It’s fall, and that means college for millions of kids who have no idea why they’re going back to school even after The State has freed them from the educational industrial system (i.e. the little rooms ruled by the boring adults they were locked up in for twelve years). It also means the media will report out-of-context statistics about the value of college to fool people into wasting more time and money on a failing asset:
“Despite falling wages and rising tuition costs, the value of a college degree is still unquestionably high, a new report shows.
A college degree today is worth $272,692 in lifetime wages — more than three times its value in the 1980s ($80,000) and more than double its value in the 1970s ($120,000), researchers from the Federal Reserve Bank of New York found. At its highest point, in 2001, the net value of a college degree was $338,000, according to raw data from the report.
But the Great Recession, which brought widespread underemployment and record-breaking student loan debt for college graduates, has greatly slowed that growth spurt. The value of a college degree has fallen 11% since 2007.”
I grabbed the graph in the article:
Looks like a good deal, but… context. Net Present Value is great, if it is presented with other metrics like opportunity costs and return on investment (ROI). A quick Google search finds the following graph about the rising costs of college (and this graph is in agreement with hundreds of others based on universally accepted data):
As one can see, the costs of college are quickly approaching the NPV of a college education.

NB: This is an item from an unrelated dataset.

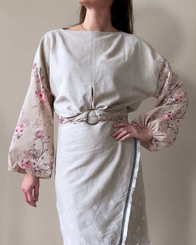 Test natúr lenvászon, ujj buggyos viragos vekony pamut batiszt.

In 1980, you are getting a 6:1 return on investment with a college degree, but by 2006 you’re down to 2:1. And remember, NPV here is calculated for the lifetime of the graduate. Most investments that take fifty years to get the full return on investment are expected to do better than a simple doubling (this is a gross simplification of NPV and ROI, I know we’re not technically talking about a “doubling” of the investment, but there’s no reason to get too complicated here.)
Since all resources have alternative uses, what if you took that 120,000 dollars and invested it in the world economy through something like Vanguard’s Global Equity Fund? It turns out you can expect a 9% annual return (assuming a lack of alien invasions or deadly meteors or other calamity) on that investment. This investment has a NPV of $322,000 assuming a 2.2% annual inflation rate. If you add four years of full time work at minimum wage to that number you get $386,000 dollars. So not going to college, getting a job, and investing the resources it would take to go to college and putting them in the market gets you a larger return than a college diploma. This is just an example, I obviously don’t have the clairvoyance to predict if the global economy will grow at such a rate. I present it only to point out what is missing from the article.
The value of a college diploma is going down while the costs are going up in a flailing national economy that has a ridiculously high underemployment rate. Borrowing to pay for college is considered a wise move by most of the people talking to these kids. Someone needs to present an opposing view so they understand the risks. In my view, college students are heading towards a cliff. And the rest of us, especially our media, need to get serious about the problem.